For instance, to help educate the press and improve their reporting on environmental, biodiversity, and climate news, we developed a rigorous training curriculum and virtual workshop for Bolivian journalists. Our initiative was met with high interest. Of the 140 journalists who applied from a wide variety of news and media organizations, sixty were ultimately selected for the training and will have a chance to visit the Amazon to help tell the stories of those who live there. We aim to expand the program to include journalists from other Amazonian countries and the United States in a future regional curriculum.

In Peru, we also converted our annual AmazonTEC conference into a virtual forum that brought together policymakers, technology experts, and forest guardians to discuss how technology can advance environmental policies. With no physical location restrictions, our 5-webinar AmazonTEC event reached over 250,000 people in 20 countries digitally, with presentations from renowned speakers from NASA, Matt Finer at AmazonTECUSAID, the Gordon and Betty Moore Foundation, the governments of Peru, Colombia, Norway, and more. The fourth of five sessions (right image) was titled “Towards a Regional Agenda for Action in the Amazon” and considered challenges facing the Amazon. Panelists discussed the role of science and technology in achieving its protection and brainstormed the necessities for an actionable agenda for the region.

Virtual events like these were crucial for us to adapt to the challenges brought on by the pandemic as they enabled us to connect with local communities, indigenous groups, policymakers, the media, and other stakeholders in a new way to continue to advance our conservation efforts together.

This was a story originally featured in our 2020 Impact Report.
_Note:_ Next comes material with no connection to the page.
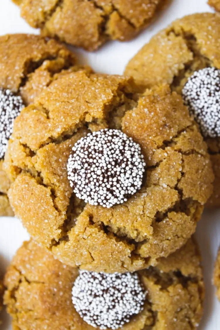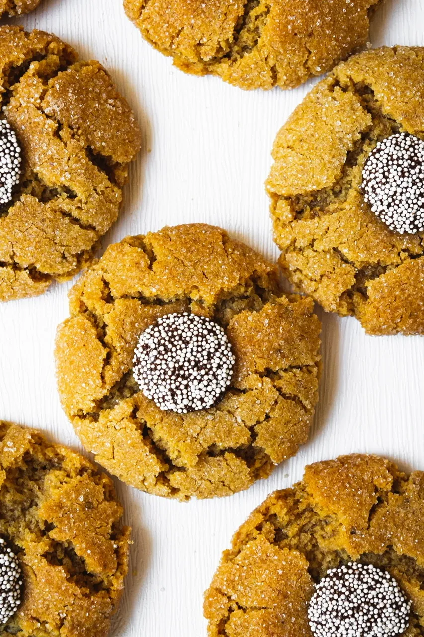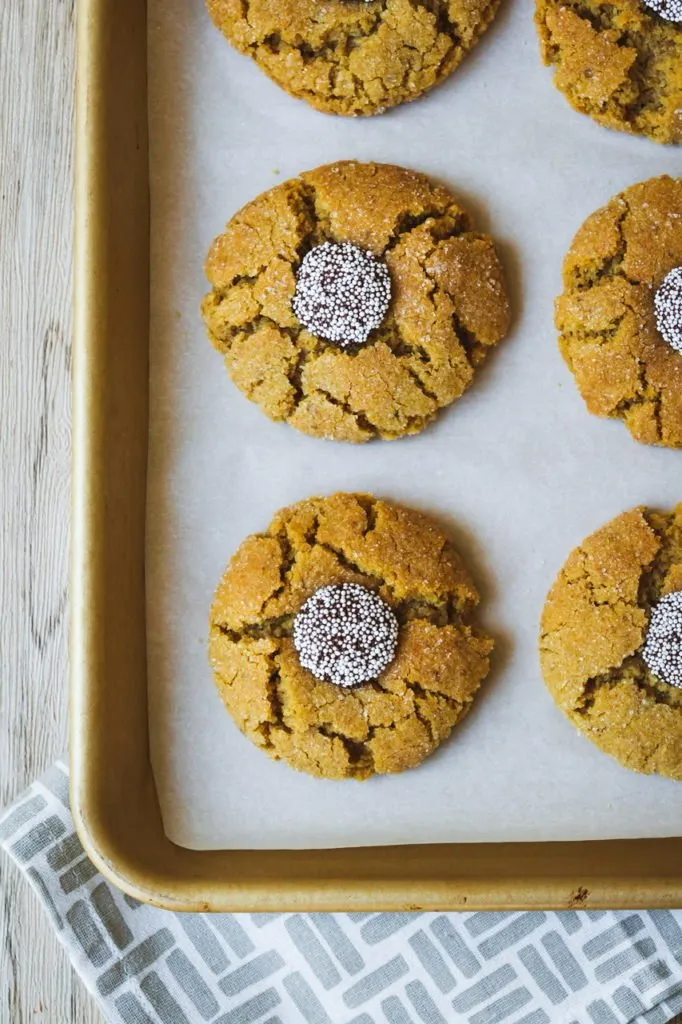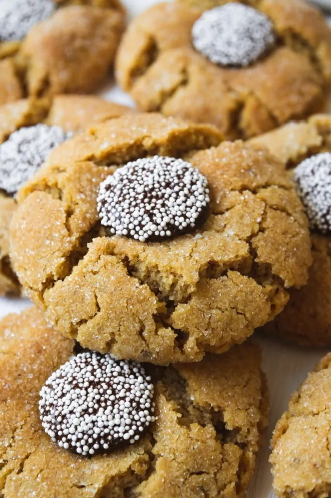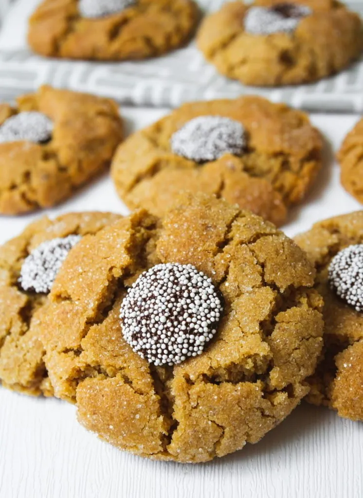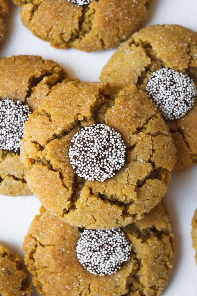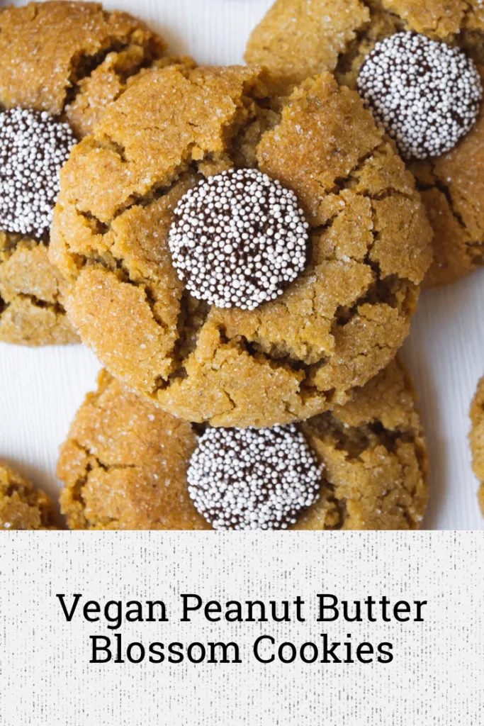 I have a lot of peanut butter cookie recipes on my blog, but I think these peanut butter blossom cookies might just be my favorite. Chocolate, PB and me have been engaged in a lifelong love affair and I’m always looking for ways to create more variations on the theme. These are a popular cookie made usually with a Hershey’s kiss as the chocolate element, but they’re not vegan of course so we’re using a chocolate disc made even more festive by the addition of some non-pareil sprinkles. To me, these look even more like the center of a daisy or flower giving realness to the name blossom!

Click here to read about other conservation successes from 2020.

 

Patrolling From Space: Empowering the Peruvian Government and Local Communities to Stop Illegal Deforestation

2020 marked an important 5-year milestone in our partnership with the Norwegian Agency for Development Cooperation (Norad) to build government and community capacity for real-time deforestation monitoring and to combat illegal deforestation in Peru.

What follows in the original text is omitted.